Requirement | Starting at the line that holds "Description: hailee steinfeld, black", quote every line through the end of the records, both boundary lines included. Omit the pictures.
────────────────
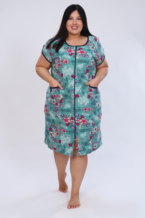 Халат женский на молнии из кулирки, свободного кроя, подойдет на любую фигуру.
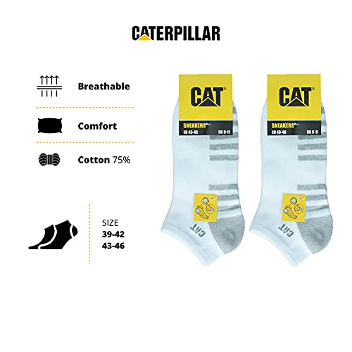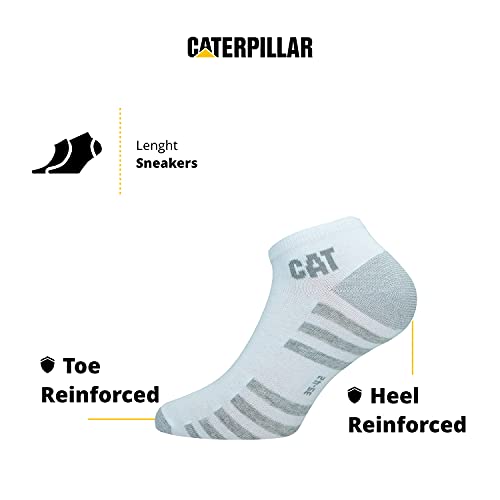 Caterpillar 6 Paia Calzini Sneaker Lunghezza Caviglia - per Qualsiasi Uso - Punta e Talloni Rinforzati - in Cotone (Bianco, 43-46)
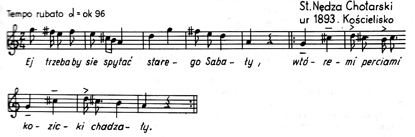 Nieco później, w latach 80. XIX wieku, Jan Kleczyński notuje, że w niektórych tylko melodiach przebija zupełnie już samodzielność i charakter wyłącznie okolicom podhalskim właściwy.
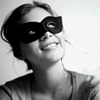 Description: hailee steinfeld, black and white, wearing a superhero mask
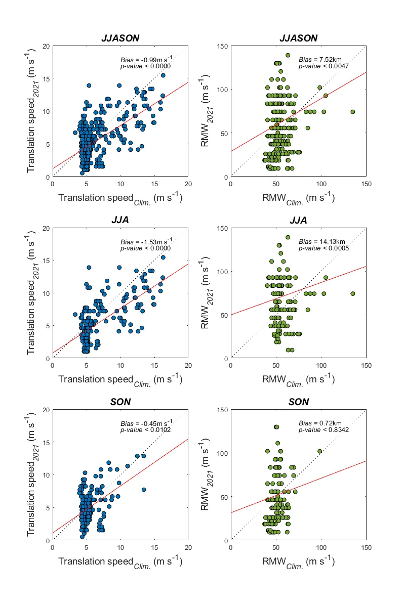 2021년 북서태평양 태풍 이동속도 (좌) 및 최대풍속반경 (우)과 기후 평균 과의 산포도. 통계적 유의성 평가는 대응표본 t-검정을 사용. 태풍 위치의 기후평균과 실제 태풍의 값을 비교.
────────────────
Output of the exercise |
 Description: hailee steinfeld, black and white, wearing a superhero mask
 2021년 북서태평양 태풍 이동속도 (좌) 및 최대풍속반경 (우)과 기후 평균 과의 산포도. 통계적 유의성 평가는 대응표본 t-검정을 사용. 태풍 위치의 기후평균과 실제 태풍의 값을 비교.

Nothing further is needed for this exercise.